Macroeconomic Conditions
Economic disruption, inflation, uncertainty, volatility and the COVID-19 pandemic have affected the Company’s business operations. We continue to closely monitor the impact of these macroeconomic conditions on all facets of our business, which includes the impact on our employees, customers, suppliers, vendors, business partners and supply chain networks. While the duration and extent of these conditions and their impact on the global economy remains uncertain, we expect that our business operations and results of operations, including our net sales, earnings and cash flows will continue to be materially impacted.
There are numerous uncertainties surrounding macroeconomic conditions and their impact on the economy and our business, as further described in “Item 1A. Risk Factors” of our 2021 Annual Report on Form 10-K for the fiscal year ended January 29, 2022, which
makes it difficult to predict the impact on our business, financial position, or results of operations in fiscal 2022 and beyond. We cannot predict these uncertainties, or the corresponding impacts on our business, at this time.
Key Financial Measures
Net sales and gross profit are the most significant drivers of our operating performance. Net sales consists of all merchandise sales to customers, net of returns, shipping revenue associated with e-commerce sales, gift card breakage revenue, revenue earned from our private label credit card program and excludes sales taxes. Gross profit is the difference between net sales and cost of sales. Cost of sales has various distinct components, including: landed product cost (including inbound freight), damages, inventory shrinkage, store occupancy costs (including rent and depreciation of leasehold improvements and other property and equipment), outbound freight costs to stores, e-commerce shipping expenses and central distribution costs (including operational costs and depreciation of leasehold improvements and other property and equipment). Product and outbound freight costs are variable, while occupancy and central distribution costs are largely fixed. Accordingly, gross profit expressed as a percentage of net sales can be influenced by many factors including overall sales performance.

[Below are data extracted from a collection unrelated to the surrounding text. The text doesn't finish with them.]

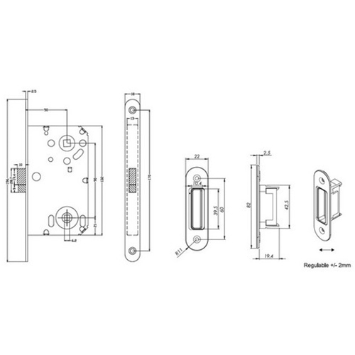 – Distancia entre ejes de 90 mm (gorja y condena).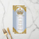 Menu Príncipe chá de fraldas com lindo azul bebê e coroa dourada em um belo fundo azul bebê e rodovalho. Esses menus de chá de fraldas azul e ouro são facilmente personalizados para seu evento simplesmente adicionando seus detalhes no estilo de fonte e no layout preferidos. Você pode redimensionar e mover a coroa conforme necessário.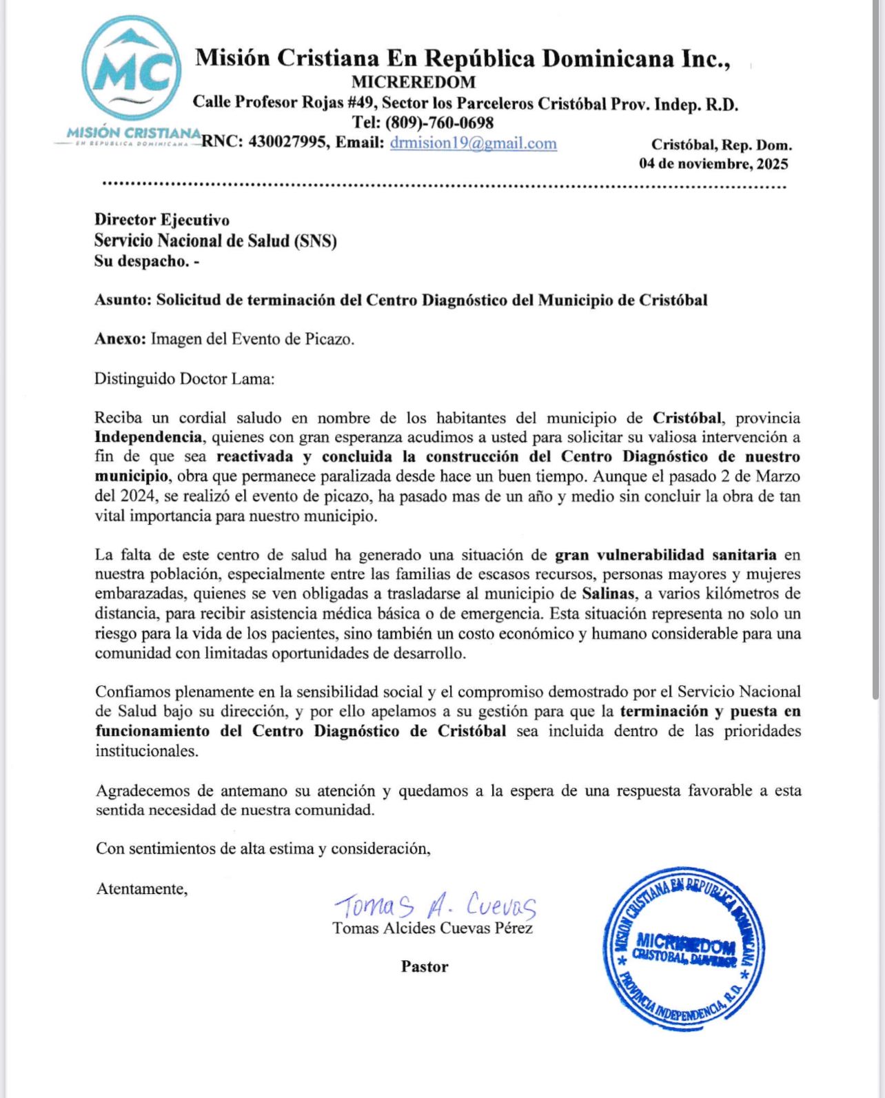 “Reciba un cordial saludo en nombre de los habitantes del municipio de Cristóbal, provincia Independencia, quienes con gran esperanza acudimos a usted para solicitar su valiosa intervención a fin de que sea reactivada y concluida la construcción del Centro Diagnóstico de nuestro municipio, obra que permanece paralizada desde hace un buen tiempo. Aunque el pasado 2 de marzo del 2024, se realizó el evento de picazo, ha pasado más de un año y medio sin concluir la obra de tan vital imponencia para nuestro municipio”, sostuvo, Cuevas.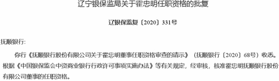 对于此次行长招聘,抚顺银行表示,“共有16人报名,招聘程序共有10个环节,历时9个月。”今年1月,在经辽宁银保监局核准任职资格后,霍忠明正式履职抚顺银行行长。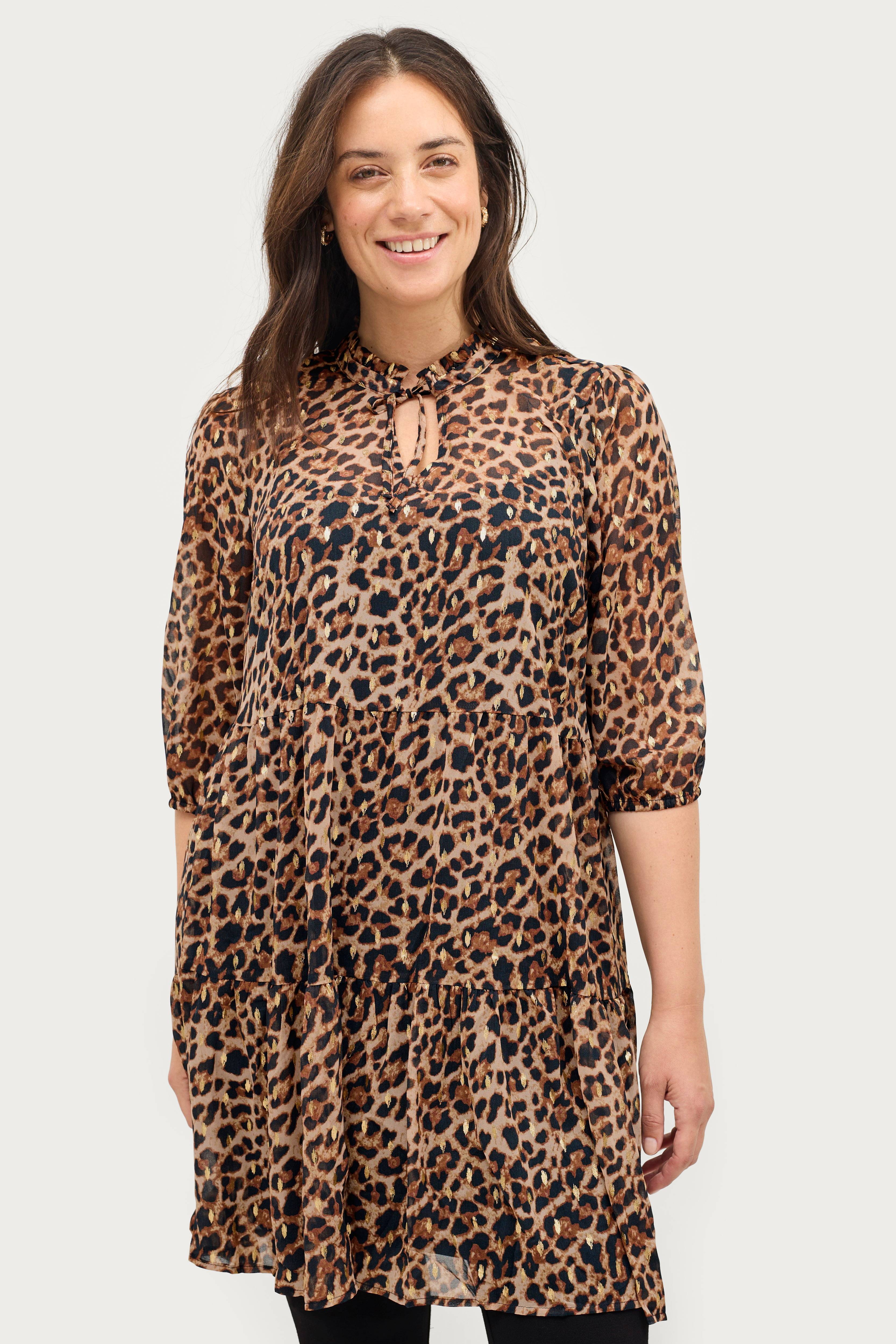 • Store størrelser • Model med svaj med volant nederst • 3/4 lange ærmer med elastiske manchetter • Ventilation med bindebånd i halsen • Fremstillet af chiffon • Underkjole i jersey • Længde: 90 cm i størrelse S
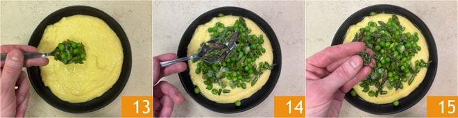 Coloca en un plato para servir una cucharada generosa de polenta, luego añade en el centro el condimento 13 y las puntas de espárrago 14. Aromatiza con algunas hojas de tomillo 15.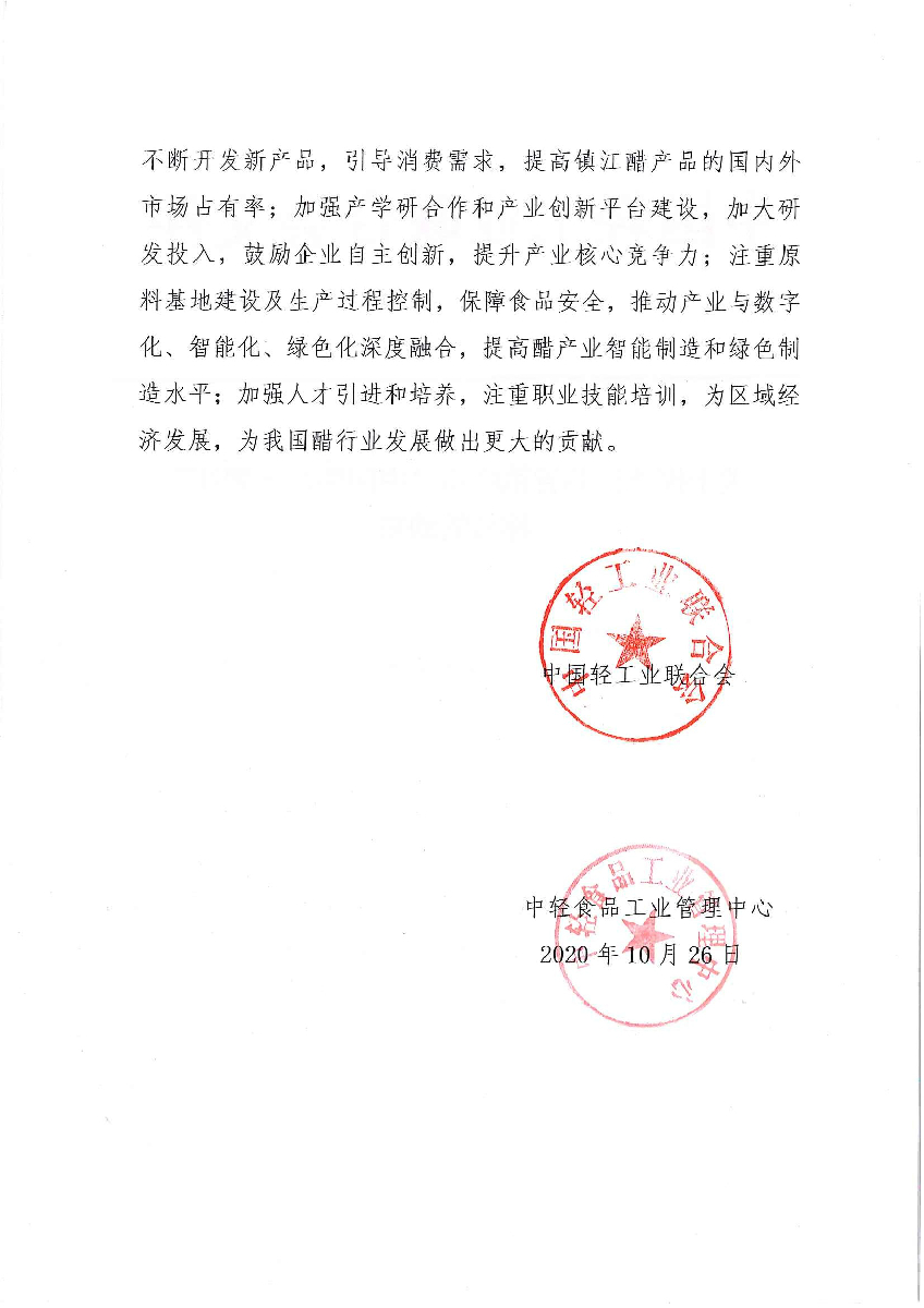 關(guān)于授予江蘇省鎮(zhèn)江市“中國醋都·鎮(zhèn)江”稱號的通知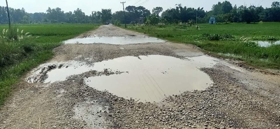 गरुडा समनपुर सडकमा खाल्डाखुल्डीले दुर्घटनाको जोखिम बढदै

We use comparable sales to measure sales increases and decreases from stores that have been open for at least 13 full fiscal months, including our online sales. We remove closed stores from our comparable sales calculation the day after the stores close. Relocated stores remain in our comparable sales calculation. E-commerce sales, including shipping revenue, are included in comparable sales. Increases in comparable sales are an important factor in maintaining or increasing our profitability.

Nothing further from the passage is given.